BREAKING DOWN Sub-Asset Class
Sub-asset classes are generally defined by certain characteristics that make them unique within a broad universe. They are most commonly used to break down broad market asset classes like equity, fixed income and commodities.
Sub-asset classes can be an important aspect for style investing and standard investment management strategies, which rely on diversification and modern portfolio theory. Diversifying asset classes in a portfolio balances its exposure to risks and reduces the volatility of the overall investment. Sub-asset classes help to further identify and diversify the risks associated with the superclass.
Within the equity universe, numerous investments have unique characteristics that provide for sub-asset class categorization. Real estate investment trusts (REITs) and master limited partnerships (MLPs) are two examples. These investments trade alongside other stocks in the market, however they have unique characteristics associated with their incorporation that define them as an equity sub-asset class.
Other equity features may also be used to define sub-asset classes. Capitalization can allow for sub-asset classes such as large cap, mid cap or small cap. Equities may also be further delineated by characteristics such as growth, value or blend.
Within the fixed income universe a number of sub-asset classes exist for investors.
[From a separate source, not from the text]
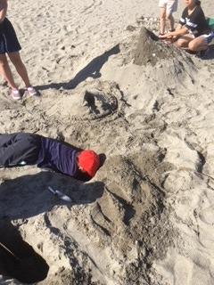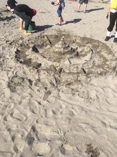 5/14(月)午後の活動は、海岸に出て砂の造形です。波の音を聞きながら、活動班ごとに思い思いの作品をつくりました。
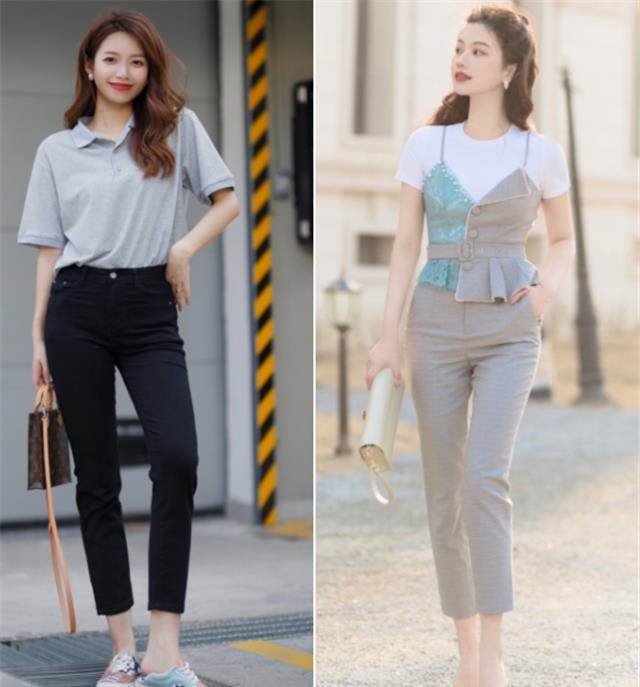 最好選擇過膝不過踝的夏季褲,九分的長度就能夠滿足這一需求,幫助我們露出了腳踝,更能凸顯大長腿。

Cash, loans and bonds are a few examples. Each has fixed income attributes with their own unique investment characteristics.
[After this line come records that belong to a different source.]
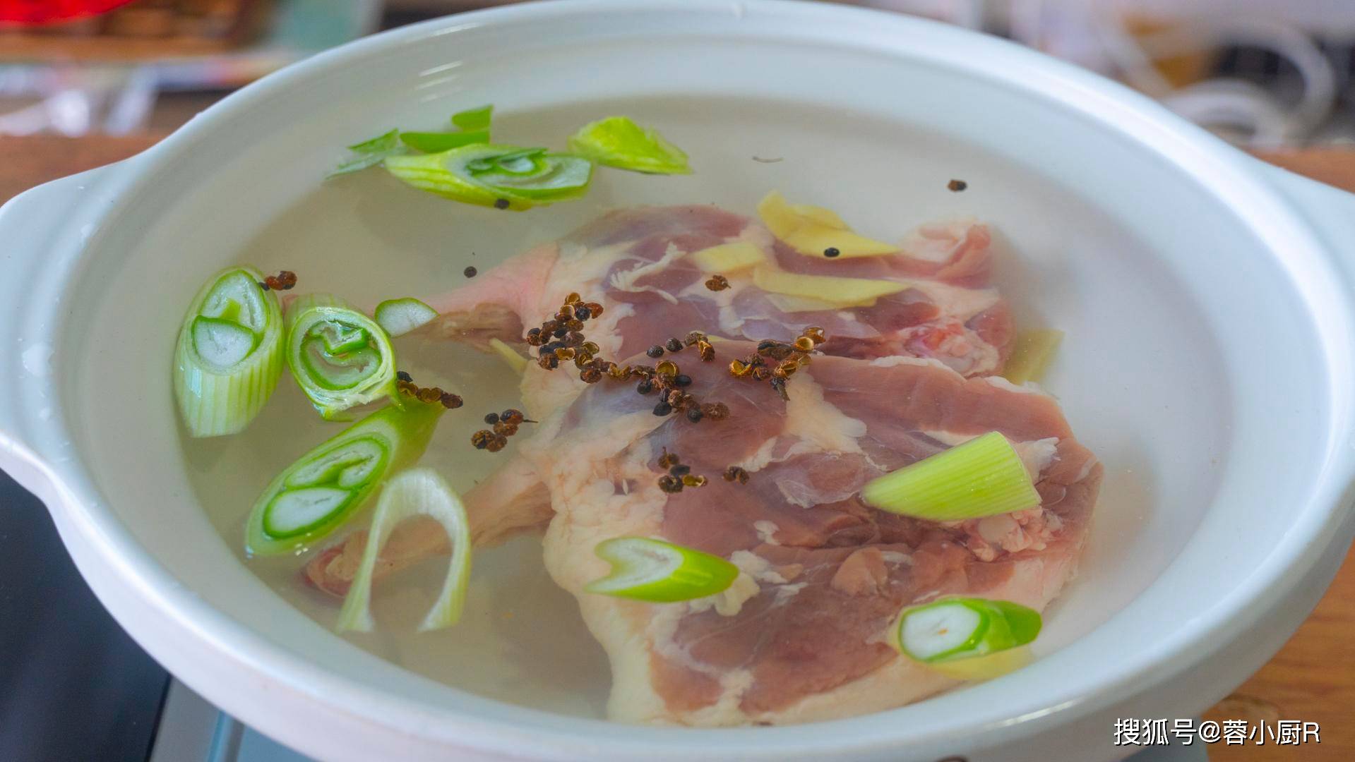 4、起锅烧水,冷水下入鸭腿,然后加葱、姜、料酒、花椒去腥。大火煮开后先用勺子撇去浮沫,然后转小火继续炖20分钟。
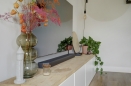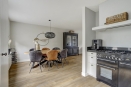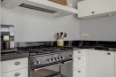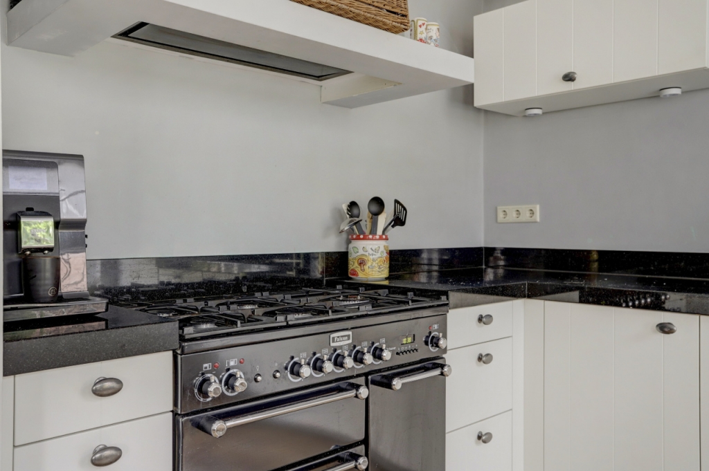 . De keuken is voorzien van de volgende inbouwapparatuur: afzuigkap, Falcon Kitchener 90 gasfornuis (met 5-pitskookplaat, 2 heteluchtovens en een afzonderlijke grill), koelkast, vaatwasmachine en Quooker.
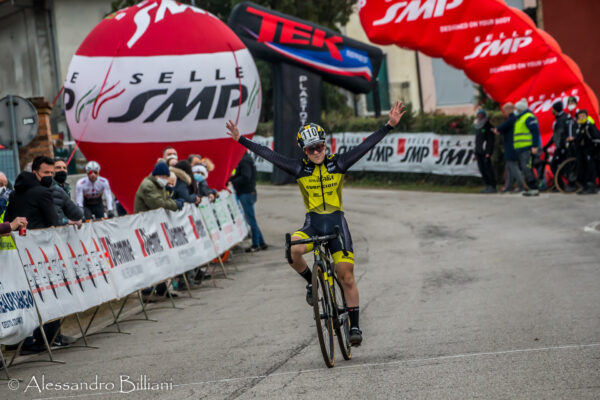 SAN FIOR – Martedì 28 dicembre più di 500 atleti, provenienti da ogni parte d’Italia, hanno regalato spettacolo nell’8° Trofeo Comune di San Fior, 4^ prova del Campionato Italiano per società. Organizzazione collaudata della Società Sportiva Sanfiorese, storico sodalizio presieduto da Gastone Martorel, che quest’anno ha scelto Castello Roganzuolo come nuova location di gara. Questa piccola graziosa frazione del comune di San Fior, adagiata sulle colline moreniche trevigiane, era già conosciuta agli appassionati delle due ruote del settore strada. Tracciato di gara nuovo e disegnato dalle esperte mani di Luigino Casagrande, Manuele Camerin e Riccardo Piccin. Misurava 2,7 chilometri e si sviluppava prevalentemente intorno alla Chiesa Monumentale dei Santi Pietro e Paolo, più conosciuta come la Pieve di Castello Roganzuolo, che sovrasta il paese offrendo una vista mozzafiato sulla pianura e sulle prealpi trevigiane. Contorno naturalistico eccezionale, con una prima sezione ricavata nel bosco, una seconda intorno ai vitigni e una terza, la più selettiva e tecnica, tra gli ulivi. Il nuovo percorso ha esaltato le prestazioni di tutti i partecipanti che hanno letteralmente “travolto” di commenti positivi il comitato organizzatore che nelle settimane scorse si è dato tanto da fare per allestire una manifestazione di altissimo livello.
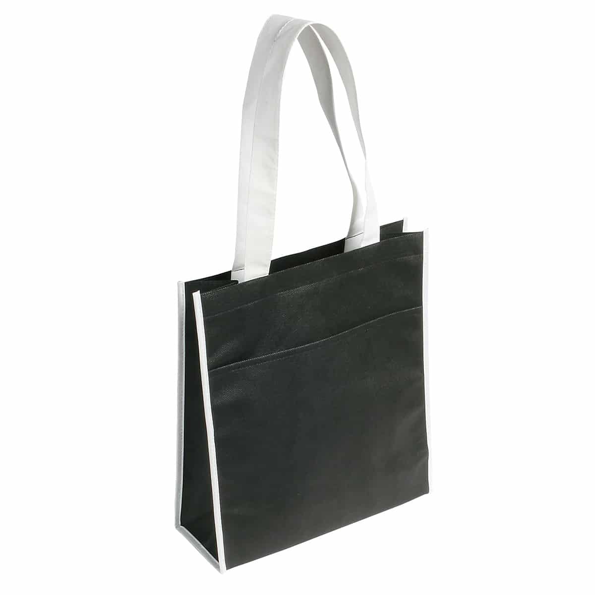 Peak Tote Bag with Pocket is a premium 80GSM non-woven polypropylene tote bag with a convenient front pocket, has 22″ reinforced handles and is a perfect reusable piece in your shopping needs. Complies with Prop 65. 12.5″ L x 4.5″ W x 13″ H
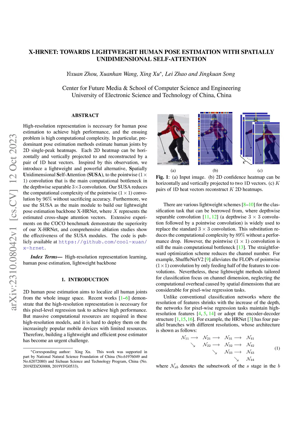 High-resolution representation is necessary for human pose estimation to achieve high performance, and the ensuing problem is high computational complexity. In particular, predominant pose estimation methods estimate human joints by 2D single-peak heatmaps. Each 2D heatmap can be horizontally and vertically projected to and reconstructed by a pair of 1D heat vectors. Inspired by this observation, we introduce a lightweight and powerful alternative, Spatially Unidimensional Self-Attention (SUSA), to the pointwise (1x1) convolution that is the main computational bottleneck in the depthwise separable 3c3 convolution. Our SUSA reduces the computational complexity of the pointwise (1x1) convolution by 96% without sacrificing accuracy. Furthermore, we use the SUSA as the main module to build our lightweight pose estimation backbone X-HRNet, where `X' represents the estimated cross-shape attention vectors. Extensive experiments on the COCO benchmark demonstrate the superiority of our X-HRNet, and comprehensive ablation studies show the effectiveness of the SUSA modules. The code is publicly available at https://github.com/cool-xuan/x-hrnet.

Fixed income sub-asset classes may also be grouped by duration and quality. Durations can be short, intermediate or long. Credit quality sub-asset classes for fixed income investments may also be defined by their credit rating, which is provided by a rating agency.
Commodities offer a range of sub-asset classes that can include metals, oil and gas, as well as grains and other types of agricultural products.
Sub-Asset Class Investing
Sub-asset classes can be important for targeted investing or when seeking to build a diversified portfolio. By determining specific characteristics of sub-asset classes, investors can make focused investments across risk levels.
For example, a 60/40 asset allocation fund may define its strategy as investing 60% of assets in equity and 40% in debt. While this is a balanced portfolio, the investment managers still have a wide range of sub-asset class options they can choose from for each portion.